Tumor growth suppression by implantation of an anti-CD25 antibody-immobilized material near the tumor via regulatory T cell capture
Published in Science and Technology of Advanced Materials, 2021
Tsuyoshi Kimura, Rino Tokunaga, Yoshihide Hashimoto, Naoko Nakamura, Akio Kishida
Cancer immunotherapy can involve enhancement of immune attack or release of immune tolerance [17]. Importantly, FoxP3+ CD25+ CD4+ Tregs have been shown to strongly affect tumor immune tolerance [4]. In the tumor microenvironment, Tregs infiltrate and accumulate through the secretion of chemokines, such as CCL22, from cancer cells and inhibit the attack of immune cells, such as NK cells and effector T cells, to cancer cells [4,5]. In this study, in order to remove Tregs from the tumor and release immune tolerance, we designed and prepared an antibody-immobilized mesh and subsequently investigated the effects of the mesh on tumor growth suppression following implantation in mice. The transcription factor FoxP3 is a specific marker of Tregs and is FoxP3 expressed inside the cells; thus, this specific marker could not be used in our system.
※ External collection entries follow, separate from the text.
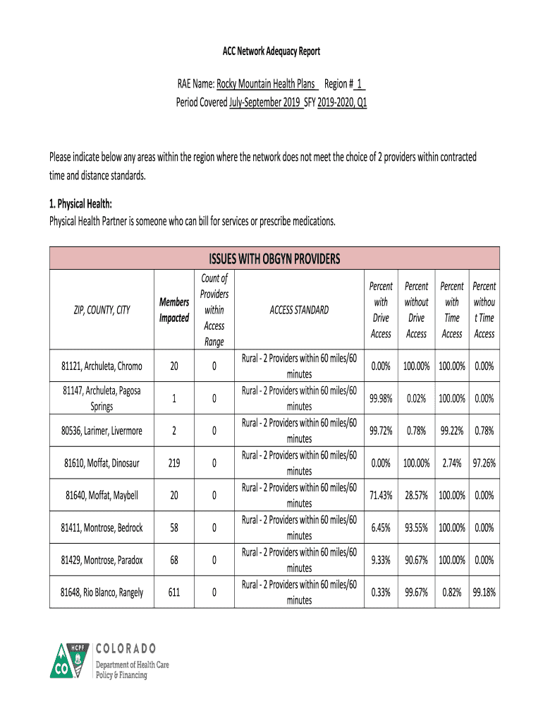 ACC Network Adequacy Report RAE Name: Rocky Mountain Health Plans Region # 1 Period Covered July September 2019 SAY 20192020, Q1Please indicate below any areas within the region where the network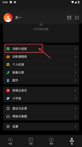 2、进入个人中心后,找到并点击训练计划库选项,即可进入训练计划库页面。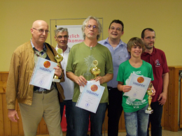 Bild v.l.n.r. Lutz Schäfer, stellvertretender Bezirksvorsitzender Erich Renschler, Hubert Wessbecher, Turnierleiter Bernhard Ast, Marco Riehle und Vereinsvorsitzender Wolfgang Schell |
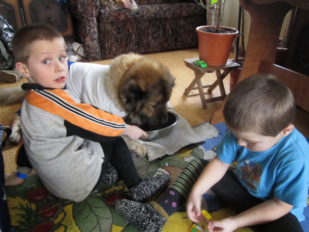 У одной из наших кавказских овчарок и вельшей, ягдов есть игра – «догони кавказскую овчарку».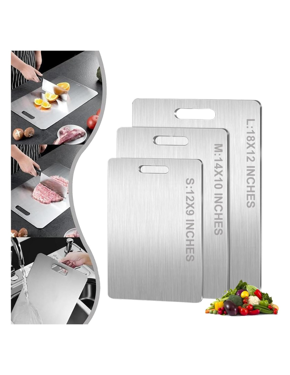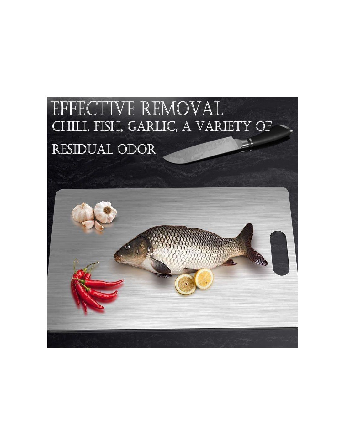 - Mantiene los Cuchillos Afilados: Nuestra tabla de cortar de titanio es más blanda que la mayoría de los cuchillos de cocina, lo que significa que en comparación con otras tablas de cortar, la tabla de cortar de titanio no dañará tu cuchillo ni lo hará desafilado. Con esta tabla de cortar, la vida útil de tus cuchillos será más larga.
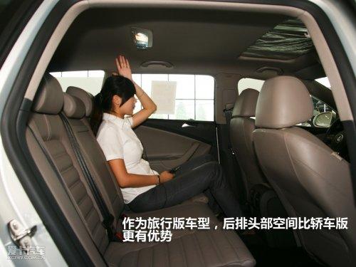 由于車頂曲線在到達(dá)C柱時(shí)不需要快速的下滑,旅行車后排頭部空間往往較轎車版本更有優(yōu)勢(shì)。從圖中可以看出模特MM坐在后排,其頭部空間可以稱之為奢侈。而PASSAT旅行版與國(guó)產(chǎn)邁騰一樣,都未對(duì)軸距進(jìn)行加長(zhǎng),所以腿部空間并無(wú)太突出表現(xiàn),但對(duì)于模特MM而言已完全足夠。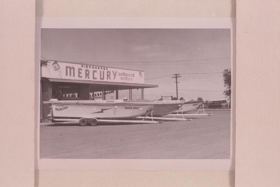 Mercury motors on stern of the "Rapid Eater," one of the 26-ft. boats built for the attempt to run up the Grand Canyon in 1960, June. Salt Lake City
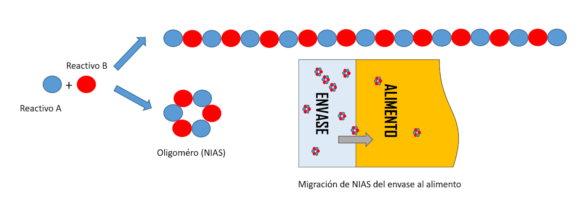Subproductos. Se forman como resultado de la producción del envase. Un ejemplo claro son los oligómeros, generados como consecuencia de la polimerización. Mediante este proceso, dos grupos químicos reaccionan y se unen para formar cadenas de unidades repetitivas. Podría asemejarse a la introducción de abalorios en un cordel muy largo. Pero al producirse estas reacciones también se forman otros productos más pequeños, los citados oligómeros, que son cadenas incompletas. Siguiendo con el símil anterior, recordarían a pulseras de abalorios.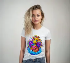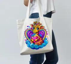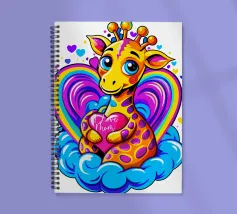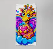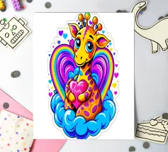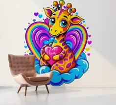 Bring home a touch of cuteness and warmth with this adorable design! Featuring a charming giraffe lovingly hugging a heart-shaped pillow on a fluffy cloud, all surrounded by vibrant rainbow hues. This playful and love-filled design is perfect for adding a cheerful vibe to any room, making it a delightful companion for cozy moments or as an eye-catching decorative piece. Perfect for: Adding a splash of fun to a child's room or as a unique gift for someone special.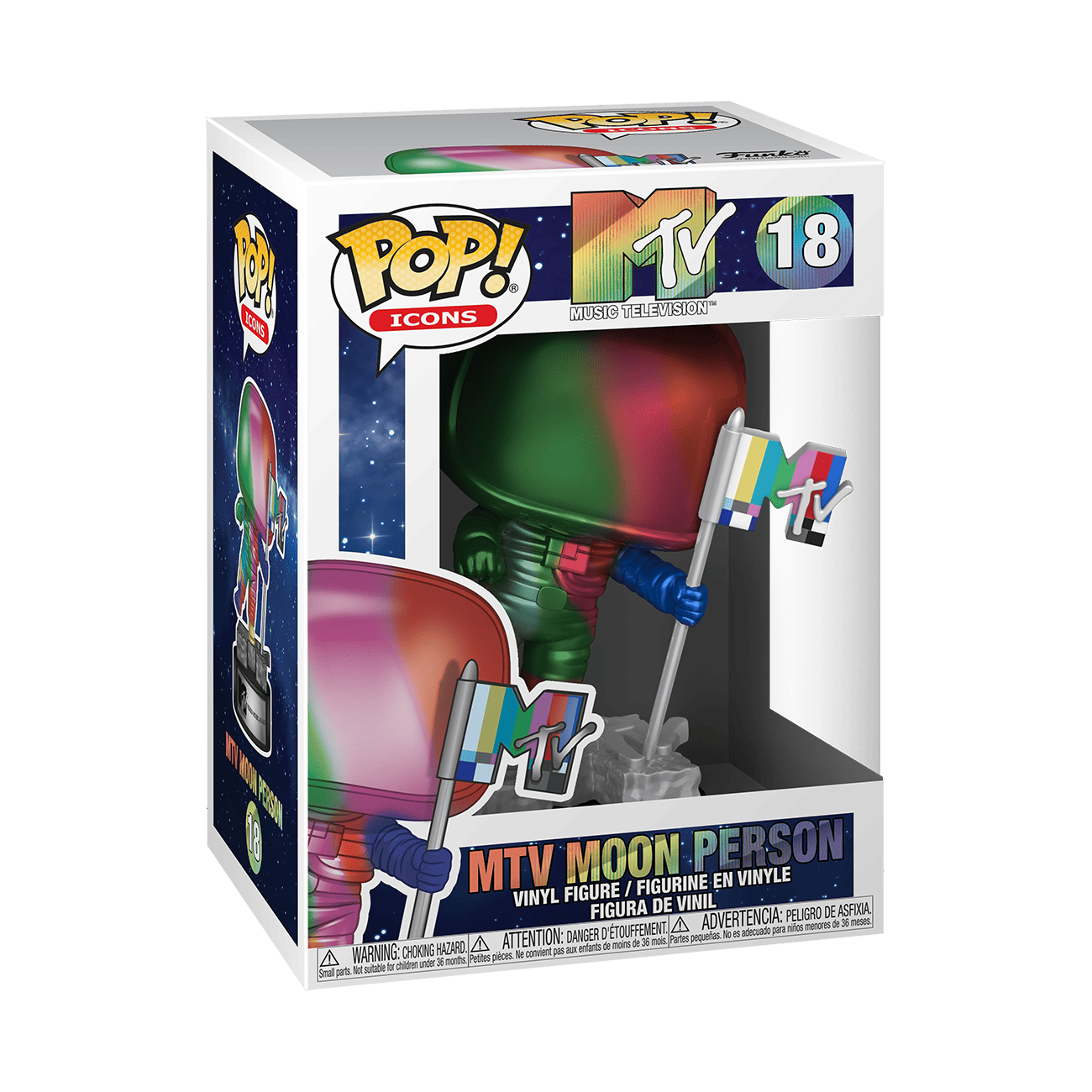 Bring home your own MTV Music Awards with this metallic Pop! Moon Person (Rainbow). Any music collection would be honored to receive the shiny new addition. Vinyl figure is approximately 5.25 in (13.3 cm) tall.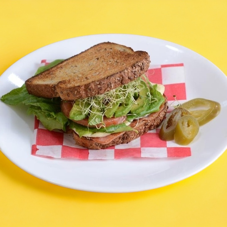 Pan integral, lechuga, atún con chipotle, tomate, aguacate, alfalfa.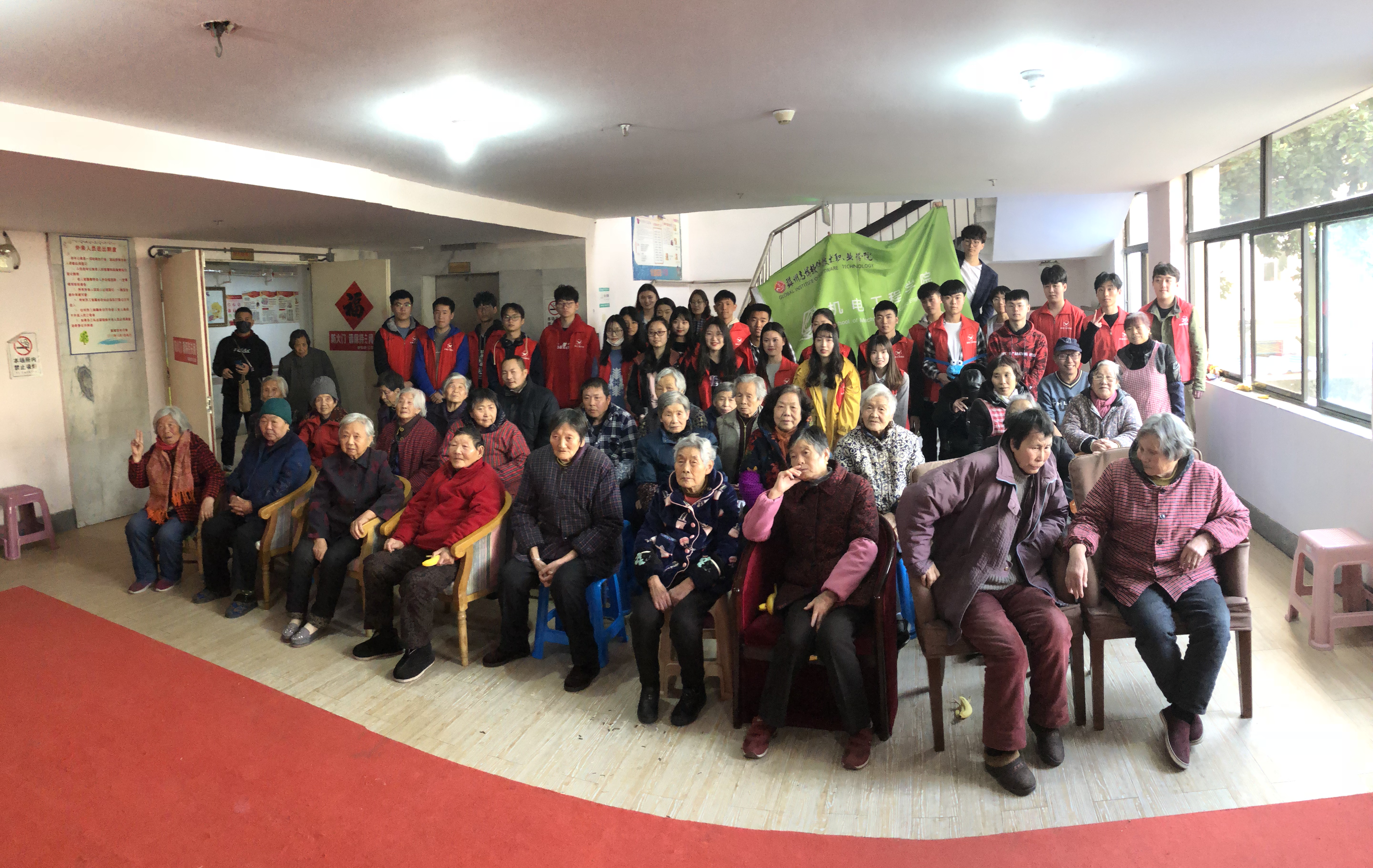 为进一步推动良好、和谐的社会风气,弘扬雷锋精神,增强大学生的社会责任意识与奉献意识,机电工程学院青年志愿者们在机电工程学院团委书记孙宇珊老师的带领下,于2019年3月16日中午前往姑苏区新家老年公寓开展了“践行雷锋精神,敬老院慰问”志愿服务活动。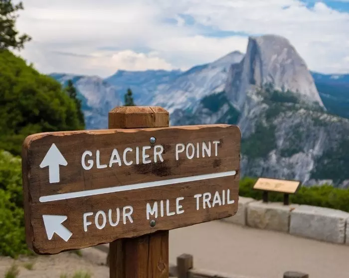 In den Sommermonaten, wenn der Schnee geschmolzen ist, ist Glacier Point einer der Aussichtspunkte, die Sie sich nicht entgehen lassen sollten. Sie können entweder mit dem Auto nach oben fahren oder eine Busfahrt zum Glacier Point buchen (kann gegen Gebühr direkt im Park gebucht werden, nach dem Motto „Wer zuerst kommt, mahlt zuerst“). Wenn Sie eine Wanderung vom Aussichtspunkt aus unternehmen möchten, können Sie auch ein Busticket bis zum Aussichtspunkt buchen und über den Four Mile Trail nach unten wandern. Vom Glacier Point aus können Sie auch einen außergewöhnlichen Sonnenuntergang erleben – nämlich den Moment, in dem die Sonne den großen Berg Half Dome in orangefarbenes Licht taucht.
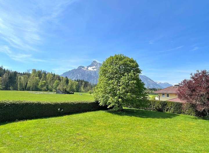 Der Blick vom Grundstück erstreckt sich sowohl auf die majestätische Festung Hohensalzburg als auch auf die Salzburger Hausberge, den Untersberg und den Gaisberg.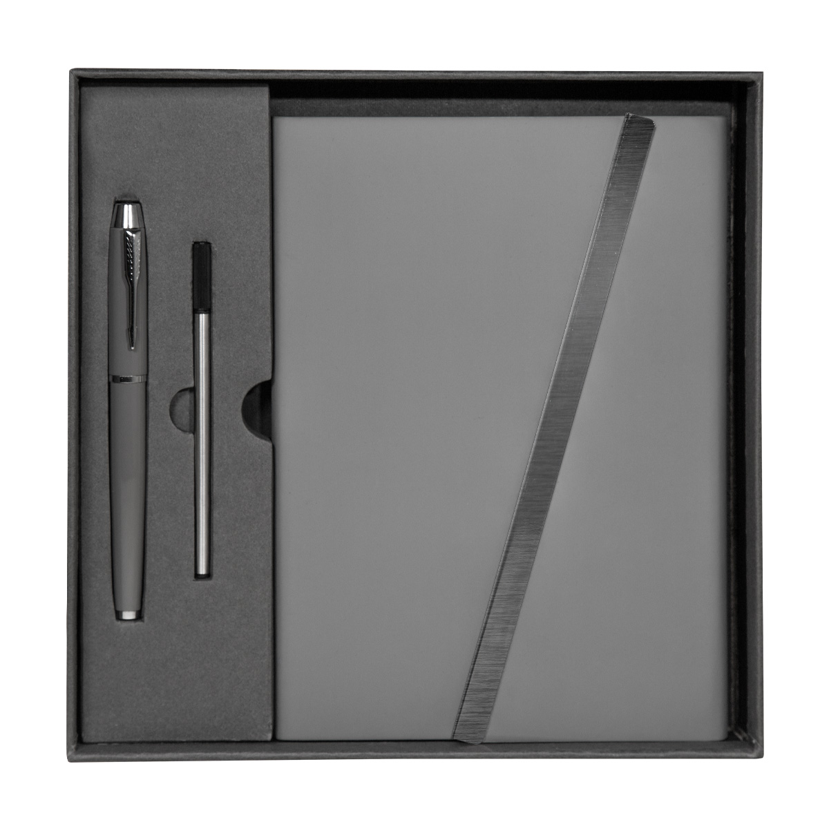 Set de regalo que incluye una libreta de 80 hojas a rayas, con pasta rígida y solapa magnética, un bolígrafo metálico y un repuesto de tinta adicional. Caja de regalo incluida.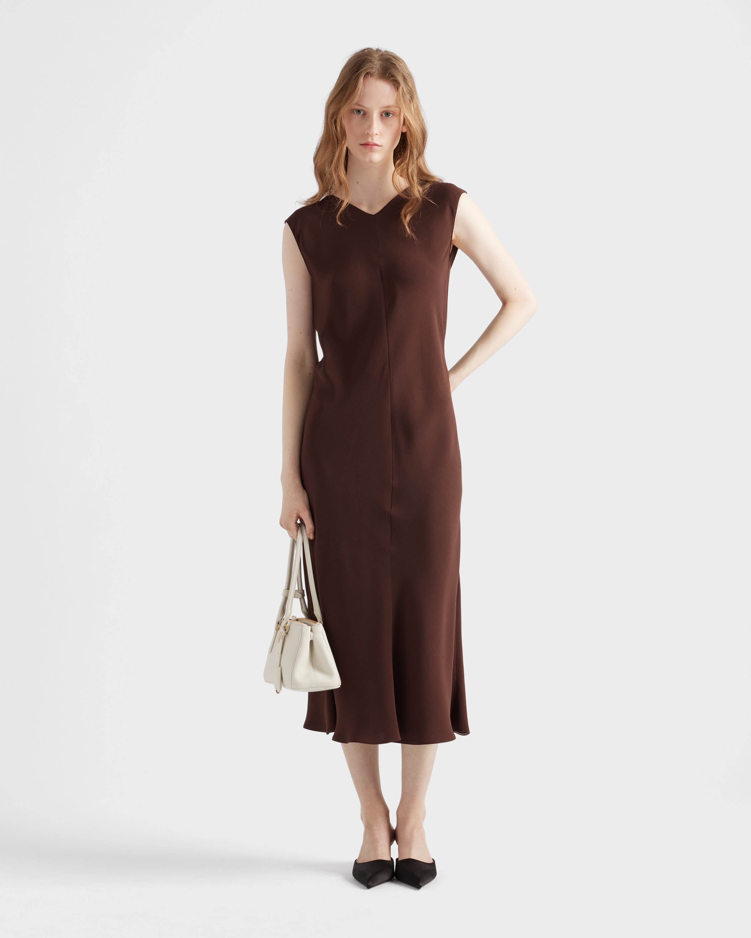 Миди-платье из атласного крепа Prada, коричневый

CD25 is a surface marker of Tregs; therefore, we chose anti-CD25 antibodies in this study. A recent study showed that three types of Tregs, including naïve Tregs, effector Tregs, and non-Tregs, were present and exhibited variations in immunosuppression. Among these types of Tregs, effector Tregs, which show high immunosuppressive ability, are present as the CD25++FoxP3++ cell population. Moreover, effector Tregs have been identified in proliferative tumors [18]. Therefore, in this study, we designed an anti-CD25 antibody-immobilized material to remove the effector Tregs from tumors.